The lines wanted run from the first one below through the one with "Figure 1. The". Return them exactly.

Collected data:
Start of Block

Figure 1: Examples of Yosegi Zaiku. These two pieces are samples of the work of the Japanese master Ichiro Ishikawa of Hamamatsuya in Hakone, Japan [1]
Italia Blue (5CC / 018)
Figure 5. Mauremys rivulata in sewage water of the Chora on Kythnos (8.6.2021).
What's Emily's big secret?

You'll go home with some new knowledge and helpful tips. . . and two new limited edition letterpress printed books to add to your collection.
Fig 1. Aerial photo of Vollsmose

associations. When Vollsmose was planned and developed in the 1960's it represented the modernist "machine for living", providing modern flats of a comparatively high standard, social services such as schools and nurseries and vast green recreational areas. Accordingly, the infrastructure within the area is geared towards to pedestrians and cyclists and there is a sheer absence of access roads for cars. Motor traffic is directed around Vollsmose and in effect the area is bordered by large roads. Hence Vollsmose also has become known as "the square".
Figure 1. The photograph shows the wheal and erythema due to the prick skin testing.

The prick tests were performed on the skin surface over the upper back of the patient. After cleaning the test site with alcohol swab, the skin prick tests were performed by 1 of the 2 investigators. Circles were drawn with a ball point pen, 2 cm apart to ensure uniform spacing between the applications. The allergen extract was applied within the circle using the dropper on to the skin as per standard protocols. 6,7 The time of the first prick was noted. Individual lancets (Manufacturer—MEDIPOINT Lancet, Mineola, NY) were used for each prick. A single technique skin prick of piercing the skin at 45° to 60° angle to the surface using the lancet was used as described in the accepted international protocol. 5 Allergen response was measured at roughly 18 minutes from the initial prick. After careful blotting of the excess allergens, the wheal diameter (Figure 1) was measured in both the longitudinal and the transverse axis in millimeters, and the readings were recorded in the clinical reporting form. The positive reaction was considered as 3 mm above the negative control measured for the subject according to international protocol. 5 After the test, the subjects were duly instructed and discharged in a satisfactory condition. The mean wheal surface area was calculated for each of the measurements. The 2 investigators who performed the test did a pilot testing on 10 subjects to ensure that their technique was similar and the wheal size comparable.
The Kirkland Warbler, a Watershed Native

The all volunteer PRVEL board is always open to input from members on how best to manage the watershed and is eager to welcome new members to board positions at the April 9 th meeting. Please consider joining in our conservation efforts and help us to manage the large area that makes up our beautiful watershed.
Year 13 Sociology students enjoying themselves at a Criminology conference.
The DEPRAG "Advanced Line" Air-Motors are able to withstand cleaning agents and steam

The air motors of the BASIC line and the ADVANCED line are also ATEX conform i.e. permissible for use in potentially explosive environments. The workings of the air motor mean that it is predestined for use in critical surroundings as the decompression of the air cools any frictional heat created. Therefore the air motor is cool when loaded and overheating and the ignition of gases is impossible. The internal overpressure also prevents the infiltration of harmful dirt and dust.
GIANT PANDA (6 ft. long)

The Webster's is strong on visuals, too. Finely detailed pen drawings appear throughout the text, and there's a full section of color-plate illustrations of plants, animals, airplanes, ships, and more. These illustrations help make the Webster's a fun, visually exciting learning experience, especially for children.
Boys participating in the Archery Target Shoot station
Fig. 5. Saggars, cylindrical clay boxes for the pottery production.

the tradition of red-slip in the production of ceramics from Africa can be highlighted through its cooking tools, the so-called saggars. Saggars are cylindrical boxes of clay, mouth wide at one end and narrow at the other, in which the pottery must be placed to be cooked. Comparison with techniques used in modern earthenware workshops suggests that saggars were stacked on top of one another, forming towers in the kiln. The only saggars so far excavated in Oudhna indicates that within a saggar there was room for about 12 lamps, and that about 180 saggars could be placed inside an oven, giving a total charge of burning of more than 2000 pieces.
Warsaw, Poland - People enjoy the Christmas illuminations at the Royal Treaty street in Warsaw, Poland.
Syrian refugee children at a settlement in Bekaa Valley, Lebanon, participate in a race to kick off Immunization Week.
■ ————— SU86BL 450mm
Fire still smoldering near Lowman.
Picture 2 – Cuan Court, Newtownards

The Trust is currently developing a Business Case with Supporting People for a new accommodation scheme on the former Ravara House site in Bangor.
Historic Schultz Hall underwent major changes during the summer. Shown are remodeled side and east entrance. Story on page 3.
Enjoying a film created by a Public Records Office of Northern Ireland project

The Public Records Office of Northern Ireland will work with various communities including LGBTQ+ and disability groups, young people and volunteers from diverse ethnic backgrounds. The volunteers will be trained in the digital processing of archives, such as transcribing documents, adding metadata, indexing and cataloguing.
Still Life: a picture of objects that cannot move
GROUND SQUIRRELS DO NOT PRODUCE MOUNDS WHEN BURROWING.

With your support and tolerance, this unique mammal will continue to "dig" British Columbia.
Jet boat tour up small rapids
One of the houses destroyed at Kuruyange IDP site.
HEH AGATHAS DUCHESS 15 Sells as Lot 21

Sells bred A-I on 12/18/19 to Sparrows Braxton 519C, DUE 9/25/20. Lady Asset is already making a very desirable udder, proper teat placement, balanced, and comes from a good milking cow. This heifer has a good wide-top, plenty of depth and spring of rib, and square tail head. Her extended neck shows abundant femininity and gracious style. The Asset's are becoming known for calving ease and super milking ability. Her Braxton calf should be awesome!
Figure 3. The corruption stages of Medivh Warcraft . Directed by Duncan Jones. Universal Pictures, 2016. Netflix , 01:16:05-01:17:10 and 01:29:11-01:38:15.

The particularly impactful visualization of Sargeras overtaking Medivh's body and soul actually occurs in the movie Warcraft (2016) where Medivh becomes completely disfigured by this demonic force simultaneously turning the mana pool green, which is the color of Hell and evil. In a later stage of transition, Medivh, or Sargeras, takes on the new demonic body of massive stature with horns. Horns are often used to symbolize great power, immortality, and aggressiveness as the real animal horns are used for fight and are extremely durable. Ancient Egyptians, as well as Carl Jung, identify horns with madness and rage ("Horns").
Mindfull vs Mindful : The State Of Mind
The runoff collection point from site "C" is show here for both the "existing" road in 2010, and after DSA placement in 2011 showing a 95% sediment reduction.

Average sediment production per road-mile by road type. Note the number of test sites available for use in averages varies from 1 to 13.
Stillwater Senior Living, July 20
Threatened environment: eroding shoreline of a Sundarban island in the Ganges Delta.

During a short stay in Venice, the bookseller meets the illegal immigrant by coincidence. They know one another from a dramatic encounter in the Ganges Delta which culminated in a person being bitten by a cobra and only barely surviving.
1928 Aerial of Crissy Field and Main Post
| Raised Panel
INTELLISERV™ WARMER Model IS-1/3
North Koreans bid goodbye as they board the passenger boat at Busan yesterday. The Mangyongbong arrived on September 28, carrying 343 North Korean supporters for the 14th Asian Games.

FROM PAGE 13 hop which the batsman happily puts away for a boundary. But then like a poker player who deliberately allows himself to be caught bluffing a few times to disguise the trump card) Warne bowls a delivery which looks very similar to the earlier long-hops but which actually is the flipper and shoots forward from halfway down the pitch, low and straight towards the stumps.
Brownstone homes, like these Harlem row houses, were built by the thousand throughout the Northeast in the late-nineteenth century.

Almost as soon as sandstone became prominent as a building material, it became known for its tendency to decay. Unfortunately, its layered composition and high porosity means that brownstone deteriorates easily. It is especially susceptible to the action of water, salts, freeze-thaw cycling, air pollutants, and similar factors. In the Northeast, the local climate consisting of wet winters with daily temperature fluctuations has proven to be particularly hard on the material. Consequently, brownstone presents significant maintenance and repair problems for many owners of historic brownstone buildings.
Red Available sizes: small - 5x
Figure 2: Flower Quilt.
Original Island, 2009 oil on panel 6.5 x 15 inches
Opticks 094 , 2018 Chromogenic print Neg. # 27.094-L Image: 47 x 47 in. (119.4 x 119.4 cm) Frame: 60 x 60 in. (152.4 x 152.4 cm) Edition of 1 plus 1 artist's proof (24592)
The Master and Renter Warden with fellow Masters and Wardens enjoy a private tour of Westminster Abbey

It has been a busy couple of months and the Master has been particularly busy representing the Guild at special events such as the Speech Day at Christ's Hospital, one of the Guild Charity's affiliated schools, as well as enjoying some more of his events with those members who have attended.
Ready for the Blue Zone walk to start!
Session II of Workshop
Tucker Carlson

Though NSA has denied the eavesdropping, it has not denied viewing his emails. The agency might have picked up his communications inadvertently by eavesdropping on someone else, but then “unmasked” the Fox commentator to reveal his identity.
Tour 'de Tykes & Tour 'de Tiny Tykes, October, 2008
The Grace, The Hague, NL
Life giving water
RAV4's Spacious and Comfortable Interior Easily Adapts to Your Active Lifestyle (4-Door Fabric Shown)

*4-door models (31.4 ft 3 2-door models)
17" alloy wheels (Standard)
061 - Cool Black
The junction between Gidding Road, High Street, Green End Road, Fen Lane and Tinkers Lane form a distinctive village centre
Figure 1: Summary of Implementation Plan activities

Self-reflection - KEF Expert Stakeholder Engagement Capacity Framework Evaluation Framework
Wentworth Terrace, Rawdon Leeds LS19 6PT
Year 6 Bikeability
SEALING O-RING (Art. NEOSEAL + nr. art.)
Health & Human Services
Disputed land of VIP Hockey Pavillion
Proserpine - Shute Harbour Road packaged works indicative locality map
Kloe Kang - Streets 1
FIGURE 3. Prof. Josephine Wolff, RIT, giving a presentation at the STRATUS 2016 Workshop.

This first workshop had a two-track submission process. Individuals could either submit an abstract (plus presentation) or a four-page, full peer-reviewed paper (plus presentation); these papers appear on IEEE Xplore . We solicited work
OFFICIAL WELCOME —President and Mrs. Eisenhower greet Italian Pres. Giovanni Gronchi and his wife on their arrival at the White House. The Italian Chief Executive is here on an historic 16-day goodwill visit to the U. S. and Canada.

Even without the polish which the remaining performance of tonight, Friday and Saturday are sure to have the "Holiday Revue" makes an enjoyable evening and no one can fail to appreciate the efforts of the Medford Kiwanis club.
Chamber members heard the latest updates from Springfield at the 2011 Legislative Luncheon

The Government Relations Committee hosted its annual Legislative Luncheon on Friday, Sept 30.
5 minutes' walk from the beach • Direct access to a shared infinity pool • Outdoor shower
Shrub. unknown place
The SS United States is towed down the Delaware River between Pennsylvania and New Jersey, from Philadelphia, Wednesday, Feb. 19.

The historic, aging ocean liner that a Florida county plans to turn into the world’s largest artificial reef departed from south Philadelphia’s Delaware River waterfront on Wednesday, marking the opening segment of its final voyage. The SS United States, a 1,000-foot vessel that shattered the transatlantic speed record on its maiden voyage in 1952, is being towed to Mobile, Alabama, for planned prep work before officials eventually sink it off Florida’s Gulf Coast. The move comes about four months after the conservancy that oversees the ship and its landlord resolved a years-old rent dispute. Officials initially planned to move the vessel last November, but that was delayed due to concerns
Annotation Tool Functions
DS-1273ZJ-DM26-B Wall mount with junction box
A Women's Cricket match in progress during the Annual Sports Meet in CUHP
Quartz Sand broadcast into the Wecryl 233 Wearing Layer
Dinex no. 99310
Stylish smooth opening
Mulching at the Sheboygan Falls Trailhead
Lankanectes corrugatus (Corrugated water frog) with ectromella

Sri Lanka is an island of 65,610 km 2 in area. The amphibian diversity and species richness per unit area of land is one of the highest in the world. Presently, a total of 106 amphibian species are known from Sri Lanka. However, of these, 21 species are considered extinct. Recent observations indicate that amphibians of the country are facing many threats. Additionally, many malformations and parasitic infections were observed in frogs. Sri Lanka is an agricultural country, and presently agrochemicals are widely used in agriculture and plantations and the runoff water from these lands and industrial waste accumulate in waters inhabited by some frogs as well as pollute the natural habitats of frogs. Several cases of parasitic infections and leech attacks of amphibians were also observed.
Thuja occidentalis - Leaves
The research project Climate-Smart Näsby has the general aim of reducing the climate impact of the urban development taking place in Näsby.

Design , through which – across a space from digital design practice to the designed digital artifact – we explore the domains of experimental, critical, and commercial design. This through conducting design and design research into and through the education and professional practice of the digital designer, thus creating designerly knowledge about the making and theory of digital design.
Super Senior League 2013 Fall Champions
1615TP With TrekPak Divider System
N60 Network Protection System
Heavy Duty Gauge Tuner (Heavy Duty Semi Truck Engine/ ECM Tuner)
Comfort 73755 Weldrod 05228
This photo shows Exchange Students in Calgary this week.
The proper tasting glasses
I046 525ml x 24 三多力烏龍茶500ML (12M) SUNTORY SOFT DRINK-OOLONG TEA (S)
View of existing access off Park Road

End of Block

FINAL ANSWER:
Figure 1: Examples of Yosegi Zaiku. These two pieces are samples of the work of the Japanese master Ichiro Ishikawa of Hamamatsuya in Hakone, Japan [1]
Italia Blue (5CC / 018)
Figure 5. Mauremys rivulata in sewage water of the Chora on Kythnos (8.6.2021).
What's Emily's big secret?

You'll go home with some new knowledge and helpful tips. . . and two new limited edition letterpress printed books to add to your collection.
Fig 1. Aerial photo of Vollsmose

associations. When Vollsmose was planned and developed in the 1960's it represented the modernist "machine for living", providing modern flats of a comparatively high standard, social services such as schools and nurseries and vast green recreational areas. Accordingly, the infrastructure within the area is geared towards to pedestrians and cyclists and there is a sheer absence of access roads for cars. Motor traffic is directed around Vollsmose and in effect the area is bordered by large roads. Hence Vollsmose also has become known as "the square".
Figure 1. The photograph shows the wheal and erythema due to the prick skin testing.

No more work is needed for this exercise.